The task
Return all of the entries exactly, but do not include the pictures.

Records for the task
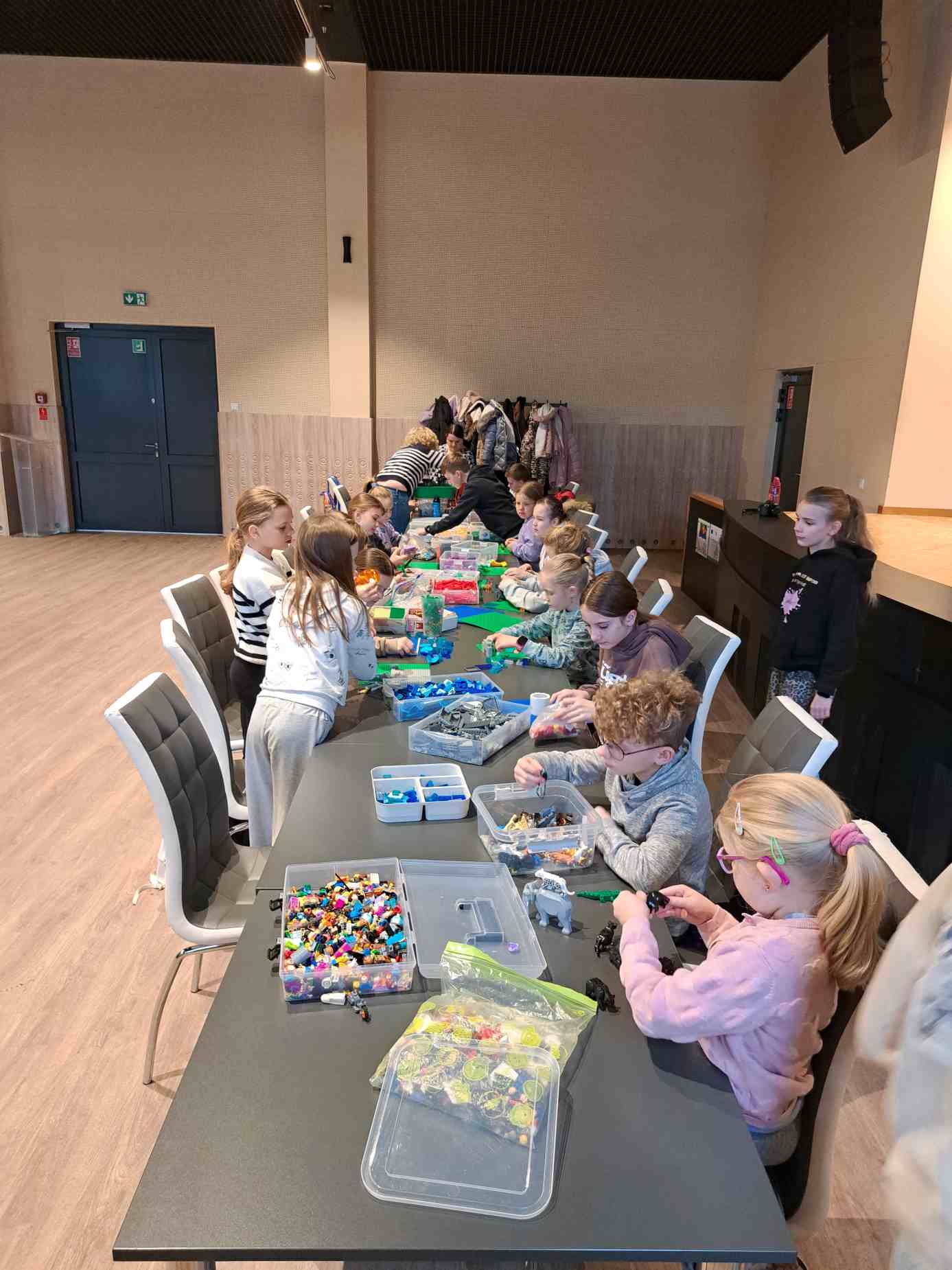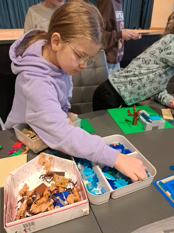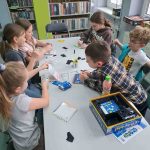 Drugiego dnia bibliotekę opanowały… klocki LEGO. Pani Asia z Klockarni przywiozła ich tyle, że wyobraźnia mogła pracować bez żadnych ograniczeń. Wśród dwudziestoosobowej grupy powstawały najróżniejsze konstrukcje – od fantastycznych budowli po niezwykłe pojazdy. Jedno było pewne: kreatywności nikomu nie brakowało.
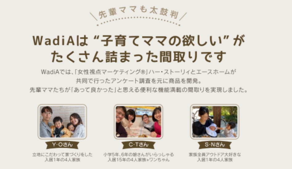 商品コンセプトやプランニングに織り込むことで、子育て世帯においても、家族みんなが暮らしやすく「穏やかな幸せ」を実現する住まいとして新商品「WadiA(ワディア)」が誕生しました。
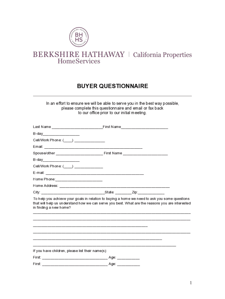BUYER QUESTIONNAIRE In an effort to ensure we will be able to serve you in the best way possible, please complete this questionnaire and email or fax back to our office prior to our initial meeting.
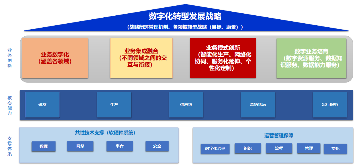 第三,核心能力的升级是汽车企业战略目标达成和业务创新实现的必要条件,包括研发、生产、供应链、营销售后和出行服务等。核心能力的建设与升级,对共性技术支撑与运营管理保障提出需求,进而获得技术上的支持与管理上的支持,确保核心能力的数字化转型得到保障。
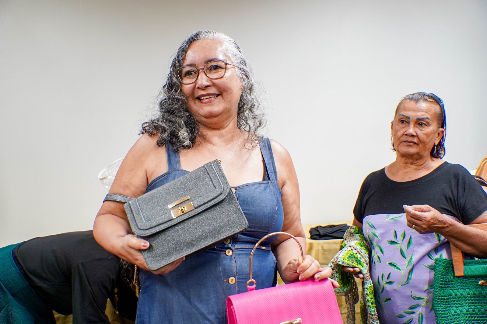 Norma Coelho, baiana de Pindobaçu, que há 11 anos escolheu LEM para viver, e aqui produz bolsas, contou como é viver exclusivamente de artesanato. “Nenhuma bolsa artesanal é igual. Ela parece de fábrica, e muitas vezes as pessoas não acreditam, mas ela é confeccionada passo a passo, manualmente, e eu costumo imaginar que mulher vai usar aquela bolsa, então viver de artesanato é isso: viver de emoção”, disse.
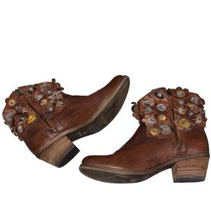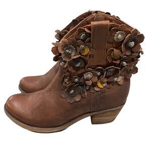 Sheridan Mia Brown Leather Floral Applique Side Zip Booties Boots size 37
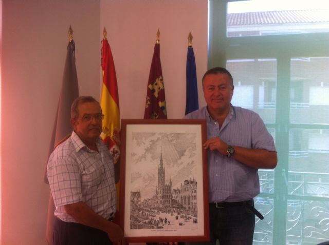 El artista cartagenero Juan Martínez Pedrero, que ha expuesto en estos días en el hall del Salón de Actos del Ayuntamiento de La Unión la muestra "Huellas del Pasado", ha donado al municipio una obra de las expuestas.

Response below
 Drugiego dnia bibliotekę opanowały… klocki LEGO. Pani Asia z Klockarni przywiozła ich tyle, że wyobraźnia mogła pracować bez żadnych ograniczeń. Wśród dwudziestoosobowej grupy powstawały najróżniejsze konstrukcje – od fantastycznych budowli po niezwykłe pojazdy. Jedno było pewne: kreatywności nikomu nie brakowało.
 商品コンセプトやプランニングに織り込むことで、子育て世帯においても、家族みんなが暮らしやすく「穏やかな幸せ」を実現する住まいとして新商品「WadiA(ワディア)」が誕生しました。
BUYER QUESTIONNAIRE In an effort to ensure we will be able to serve you in the best way possible, please complete this questionnaire and email or fax back to our office prior to our initial meeting.
 第三,核心能力的升级是汽车企业战略目标达成和业务创新实现的必要条件,包括研发、生产、供应链、营销售后和出行服务等。核心能力的建设与升级,对共性技术支撑与运营管理保障提出需求,进而获得技术上的支持与管理上的支持,确保核心能力的数字化转型得到保障。
 Norma Coelho, baiana de Pindobaçu, que há 11 anos escolheu LEM para viver, e aqui produz bolsas, contou como é viver exclusivamente de artesanato. “Nenhuma bolsa artesanal é igual. Ela parece de fábrica, e muitas vezes as pessoas não acreditam, mas ela é confeccionada passo a passo, manualmente, e eu costumo imaginar que mulher vai usar aquela bolsa, então viver de artesanato é isso: viver de emoção”, disse.
 Sheridan Mia Brown Leather Floral Applique Side Zip Booties Boots size 37
 El artista cartagenero Juan Martínez Pedrero, que ha expuesto en estos días en el hall del Salón de Actos del Ayuntamiento de La Unión la muestra "Huellas del Pasado", ha donado al municipio una obra de las expuestas.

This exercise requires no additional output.